[Records from a dataset]
────────────────────────────────────────
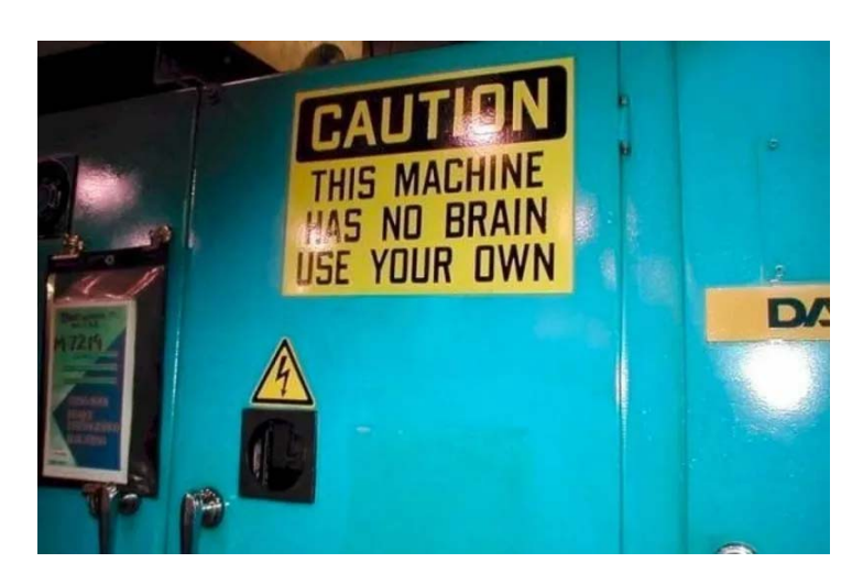
SIGN OF THE TIMES
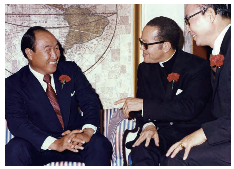
The tours generated much publicity and allowed Father to connect with public-minded figures who were working in service to their community and nation.

Our first step in becoming the true sons and daughters of God is to comprehend clearly God's view of good and evil. What is goodness and what is evil? We are not concerned with a man-made definition. God defines the eternal standard of good and evil. The sharp definition of good and evil existed at the time of his creation, long before evil ever came into being in the garden of Eden. God's view of good and evil will never change. God is eternal, his law is eternal, and his definition is eternal
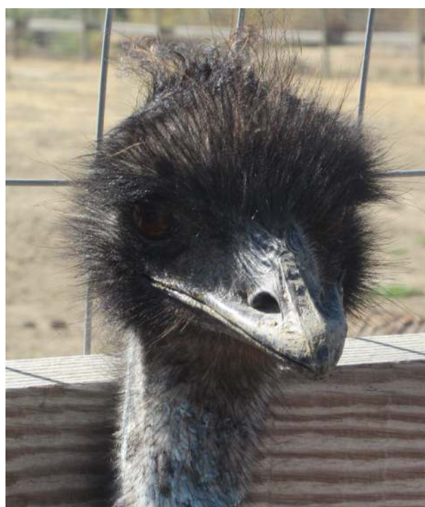
Ostrich and Emu from the FARM
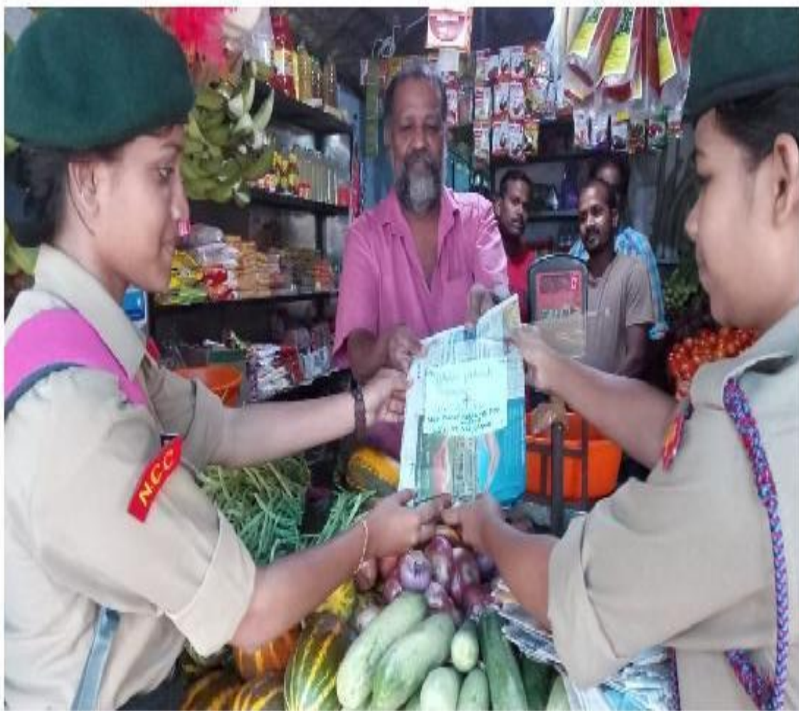
NCC Cadets Distributing the paper bags made by them in nearby shops as part of Social Responsibility
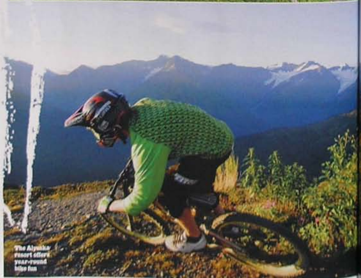
The Alyeska resort offers year-round bike fun

"The scenery blew us away," recalled Wellburn. "The glaciers on the top of the mountains splay out into these crazy boulder fields, which then transition into the greenest slopes before they disappear into the tree line." ❧
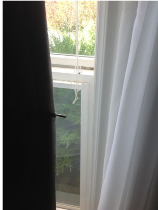
Blinds in Inspection Checklist
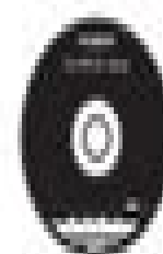
OLYMPUS Setup CD-ROM
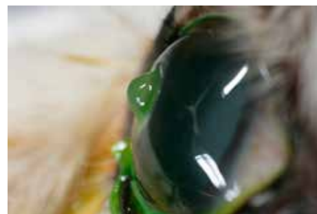
Figure 6: An image of a protruding corneal bulla (a blister) that is retaining fluorescein dye. This must be differentiated from a protruding descemetocele which will not retain fluorescein dye. Corneal bullae are treated medically, whereas descemetocele requires surgical repair.
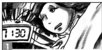
1 every day / get up / at half past seven
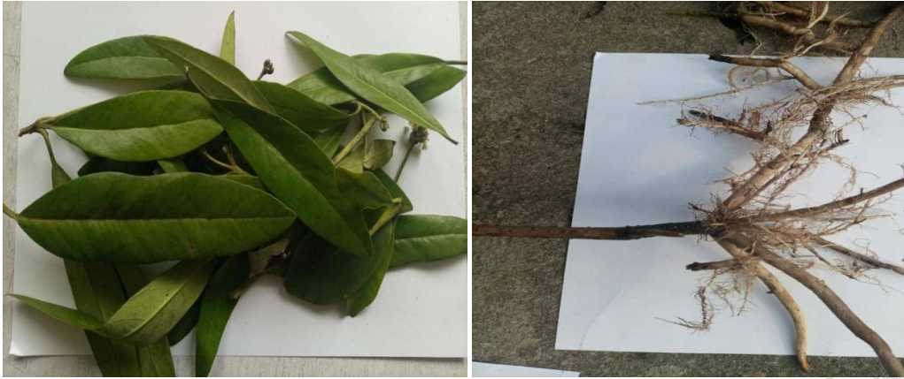
Fig 2. Acrostichum aureum – golden leather fern leaves and roots
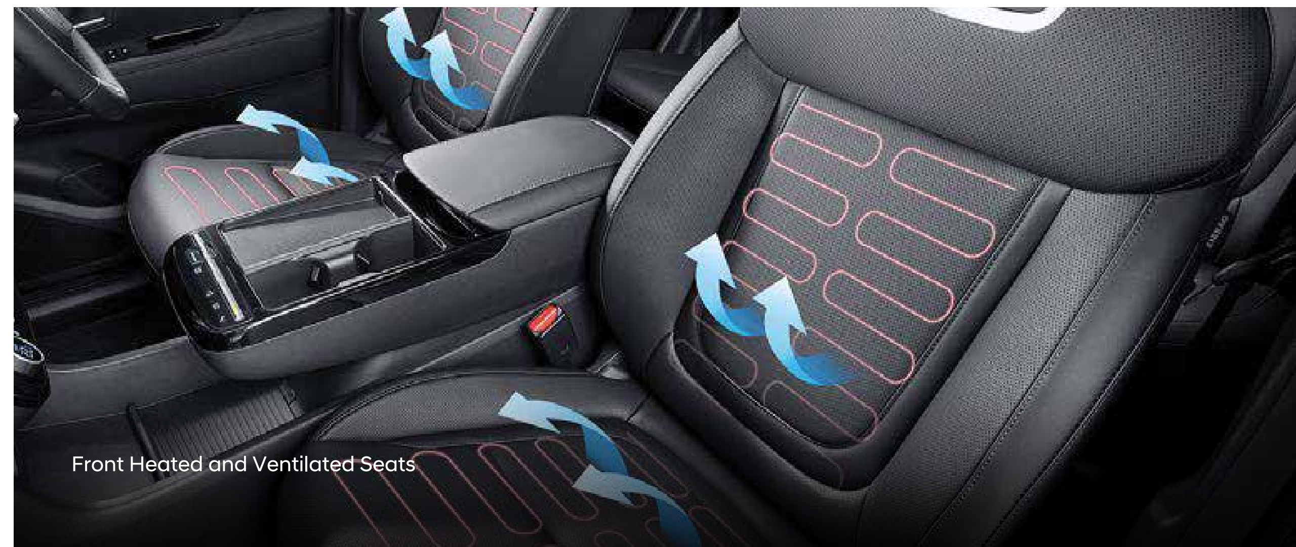
Front Heated and Ventilated Seats
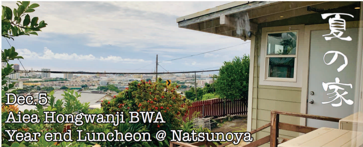
Dec. 5 Aiea Hongwanji BWA Year end Luncheon @ Natsunoya
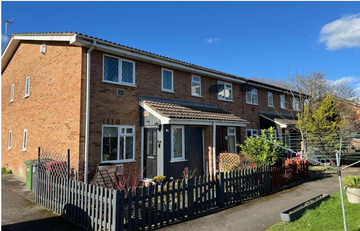
Meadowbrook Close, Colnbrook, SL3 0PA OIEO £265,000 Freehold
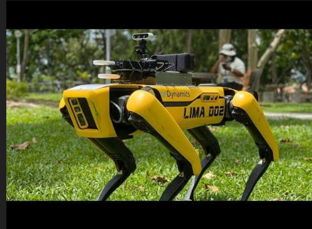
Coronavirus: Robot dog enforces social distancing in Singapore park

Thank you to the 157 students who responded to my survey before half term
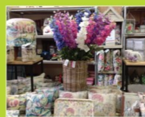
Gifts Inspiring Ideas
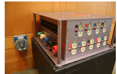
Distro Box w/ Pin & Sleeve plug
────────────────────────────────────────
» Assignment
From the data, work out how many lines include the word "which"; the reply is that number and nothing else.

» Task result
2